Hiorns studied Fine Art Foundation at Bournville College, Birmingham (1991–1993), and received a BA in Fine Art from Goldsmiths College, London (1996).

Solo exhibitions include Pathways, Annet Gelink Gallery, Amsterdam (2022); Rudolfinum Gallery, Prague (2019); Centre PasquArt, Biel (2016–2017); Yorkshire Sculpture Park, United Kingdom (till 2023); Seizure, Yorkshire Sculpture Park (2016); De Hallen, Haarlem (2015); Hayward Gallery, London (2014); Annet Gelink Gallery, Amsterdam (2013); Aspen Art Museum, Colorado (2012); The Art Institute of Chicago (2011); Turner Prize, Tate Britain, London (2010); Seizure, Harper Road, an Artangel/Jerwood Commission, London (2009); Glittering Ground, Camden Arts Centre, London (2008); UCLA Hammer Museum, Los Angeles (2003); Art Now, Tate Britain, London (2003).

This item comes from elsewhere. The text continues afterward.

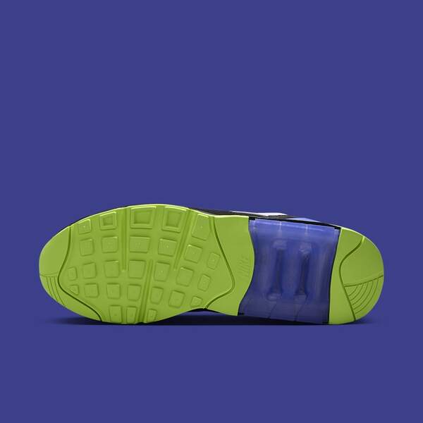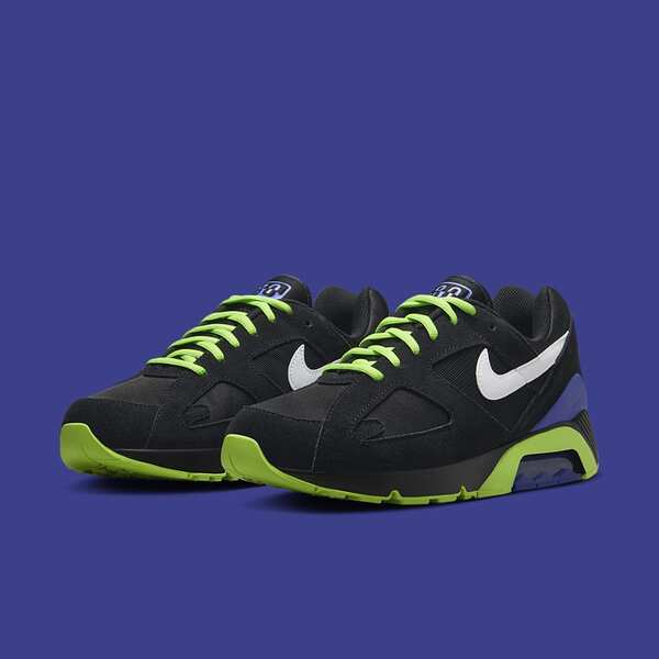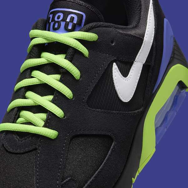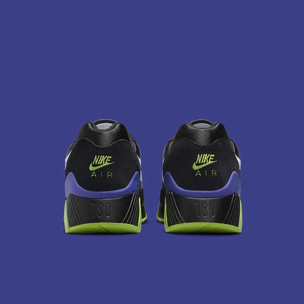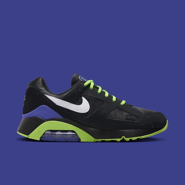 TLDR: Nike brings back the Air Max 180 in 2024 in an eye-catching ‘Joker’ colourway. Inspired by the bright colours of the legendary villain, this sneaker combines black mesh, suede overlays, action green accents and purple details. Available for €150 at Nike and selected retailers.

Group exhibitions include Royal Academy Summer Exhibition, London (2022); The Summer of Love, Yorkshire Sculpture Park, Wakefield (2021); The Encyclopedic Palace, curated by Massimiliano Gioni, Arsenale, 55th Venice Biennale, Venice (2013); History Is Now, Hayward Gallery, London (2015); Blue Times, Kunsthalle Wi en, Vienna (2015); Making Colour, The National Gallery, London (2014); The Quick and the Dead, Walker Art Center, Minneapolis (2009); British Art Show 6, BALTIC Centre for Contemporary Art, Gateshead (2005); How to improve the World; 60 Years of British Art, Hayward Gallery, London (2004).

Works are held in the collections of the Art Institute of Chicago; Museum of Modern Art, New York; Tate Modern, London; Walker Art Center, Minneapolis; Frans Halsmuseum, Haarlem; Museum Voorlinden; and Caldic Collection.